> _RECORDS FOR THIS TASK_:
-------

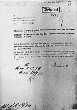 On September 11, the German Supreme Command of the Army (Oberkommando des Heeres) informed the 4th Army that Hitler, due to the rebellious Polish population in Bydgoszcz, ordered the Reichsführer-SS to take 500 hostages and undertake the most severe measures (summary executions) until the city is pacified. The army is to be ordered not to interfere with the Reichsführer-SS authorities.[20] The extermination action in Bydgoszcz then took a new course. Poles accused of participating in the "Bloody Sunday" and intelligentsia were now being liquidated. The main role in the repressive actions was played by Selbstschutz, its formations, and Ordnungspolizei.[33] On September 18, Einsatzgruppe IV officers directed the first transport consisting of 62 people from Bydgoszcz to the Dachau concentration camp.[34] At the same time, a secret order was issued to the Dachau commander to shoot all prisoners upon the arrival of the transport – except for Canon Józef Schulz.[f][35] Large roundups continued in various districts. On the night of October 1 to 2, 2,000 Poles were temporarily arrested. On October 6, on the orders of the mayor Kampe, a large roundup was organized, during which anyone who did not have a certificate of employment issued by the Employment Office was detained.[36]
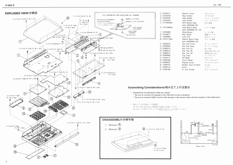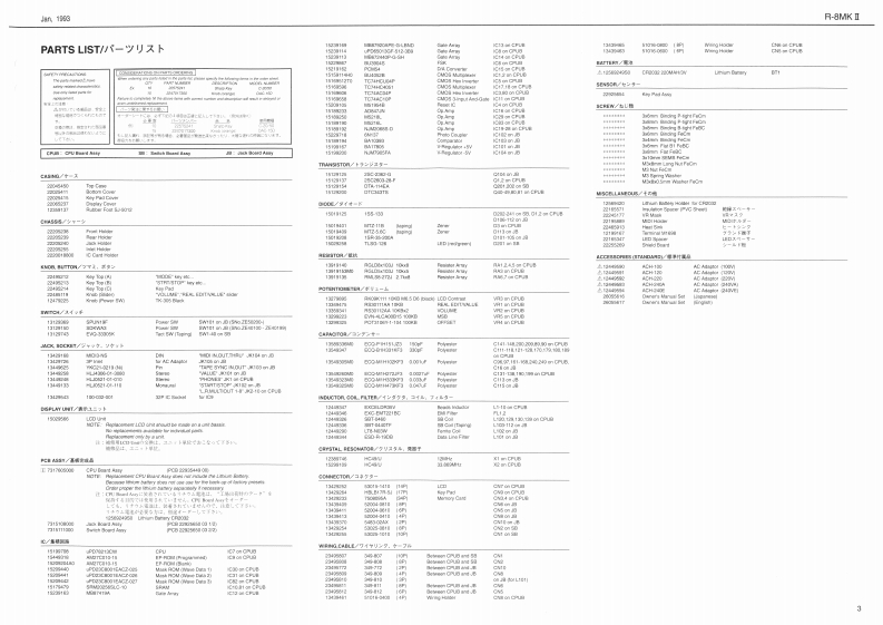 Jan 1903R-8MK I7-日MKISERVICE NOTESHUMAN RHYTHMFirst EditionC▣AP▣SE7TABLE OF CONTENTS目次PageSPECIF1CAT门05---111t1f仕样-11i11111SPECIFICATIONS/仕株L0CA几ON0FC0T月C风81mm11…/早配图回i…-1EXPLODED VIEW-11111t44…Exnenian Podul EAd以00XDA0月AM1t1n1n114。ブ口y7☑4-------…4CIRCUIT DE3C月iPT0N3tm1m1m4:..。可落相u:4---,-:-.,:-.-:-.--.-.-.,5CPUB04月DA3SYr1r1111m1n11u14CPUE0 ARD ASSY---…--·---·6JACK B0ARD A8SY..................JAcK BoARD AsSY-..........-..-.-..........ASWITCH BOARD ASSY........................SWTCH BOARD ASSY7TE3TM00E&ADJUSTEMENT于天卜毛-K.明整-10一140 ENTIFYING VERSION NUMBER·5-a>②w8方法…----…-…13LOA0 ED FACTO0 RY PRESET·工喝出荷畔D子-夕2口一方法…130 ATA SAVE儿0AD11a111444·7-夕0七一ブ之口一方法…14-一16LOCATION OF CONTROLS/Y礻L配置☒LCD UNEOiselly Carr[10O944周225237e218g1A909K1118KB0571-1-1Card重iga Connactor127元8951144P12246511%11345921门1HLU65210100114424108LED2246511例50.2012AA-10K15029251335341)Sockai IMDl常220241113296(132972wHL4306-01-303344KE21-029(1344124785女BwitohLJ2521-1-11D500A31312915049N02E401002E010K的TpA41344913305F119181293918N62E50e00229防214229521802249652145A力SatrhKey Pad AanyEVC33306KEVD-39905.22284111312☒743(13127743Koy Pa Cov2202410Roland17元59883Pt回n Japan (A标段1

-------

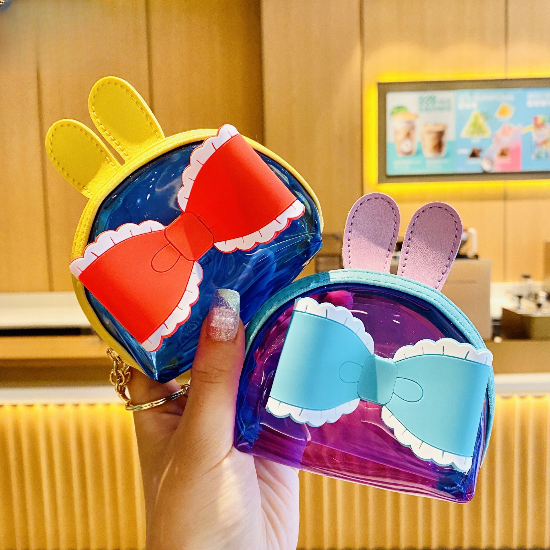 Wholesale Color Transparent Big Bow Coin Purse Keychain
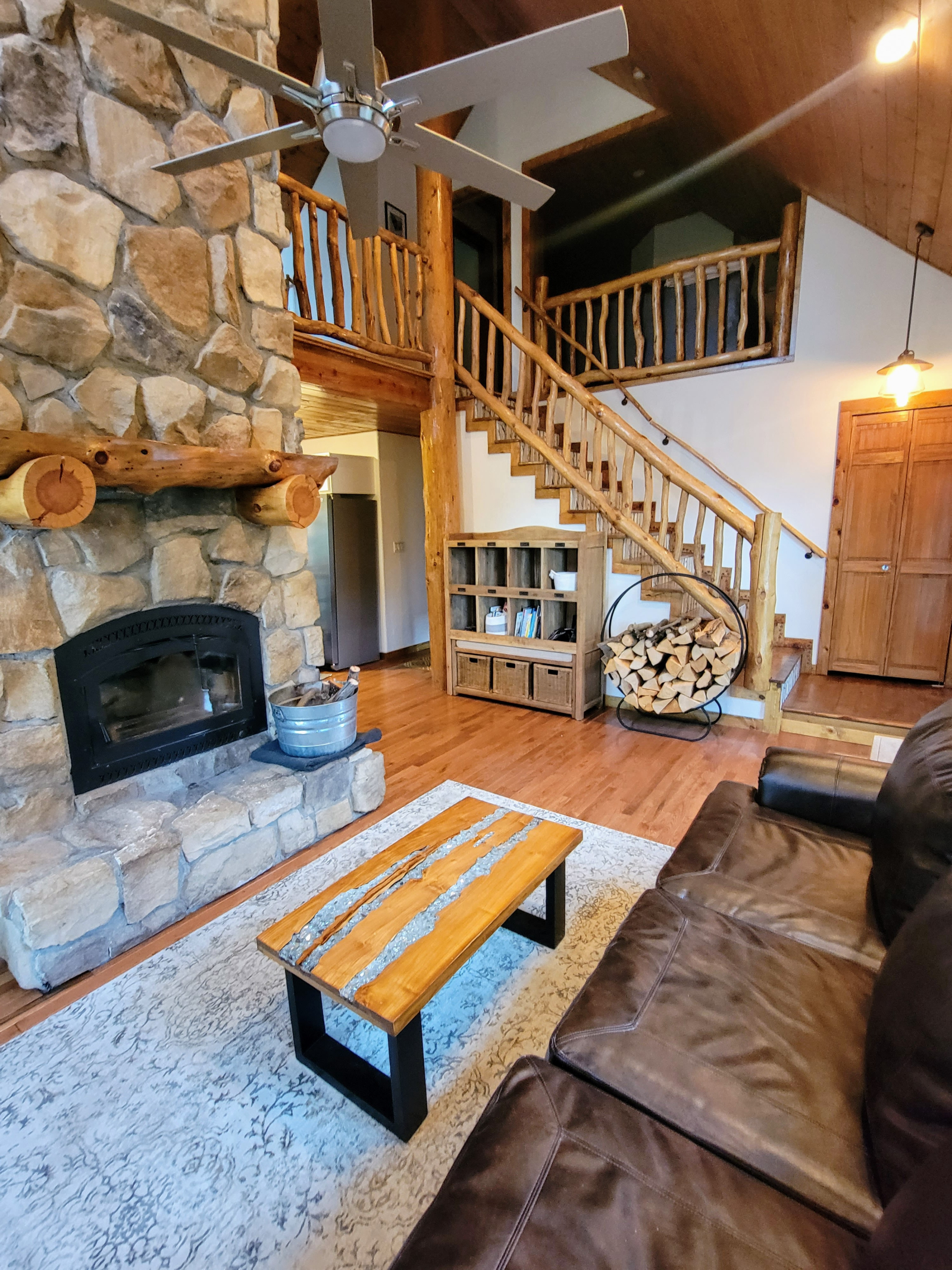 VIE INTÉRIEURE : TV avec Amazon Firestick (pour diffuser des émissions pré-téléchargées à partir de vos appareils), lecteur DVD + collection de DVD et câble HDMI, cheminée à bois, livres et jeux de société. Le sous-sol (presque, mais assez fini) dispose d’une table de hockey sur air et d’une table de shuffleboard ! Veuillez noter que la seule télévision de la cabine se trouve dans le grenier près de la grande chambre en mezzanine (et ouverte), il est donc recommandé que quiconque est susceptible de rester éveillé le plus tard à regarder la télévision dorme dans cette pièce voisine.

-------

> _TASK TO CARRY OUT_:
Above are some records. Reproduce the lines from the one with "Wholesale Color Transparent" down to the one with "VIE INTÉRIEURE : TV", keeping both, and leave every picture out.

> _SOLUTION TO THIS PROBLEM_:
 Wholesale Color Transparent Big Bow Coin Purse Keychain
 VIE INTÉRIEURE : TV avec Amazon Firestick (pour diffuser des émissions pré-téléchargées à partir de vos appareils), lecteur DVD + collection de DVD et câble HDMI, cheminée à bois, livres et jeux de société. Le sous-sol (presque, mais assez fini) dispose d’une table de hockey sur air et d’une table de shuffleboard ! Veuillez noter que la seule télévision de la cabine se trouve dans le grenier près de la grande chambre en mezzanine (et ouverte), il est donc recommandé que quiconque est susceptible de rester éveillé le plus tard à regarder la télévision dorme dans cette pièce voisine.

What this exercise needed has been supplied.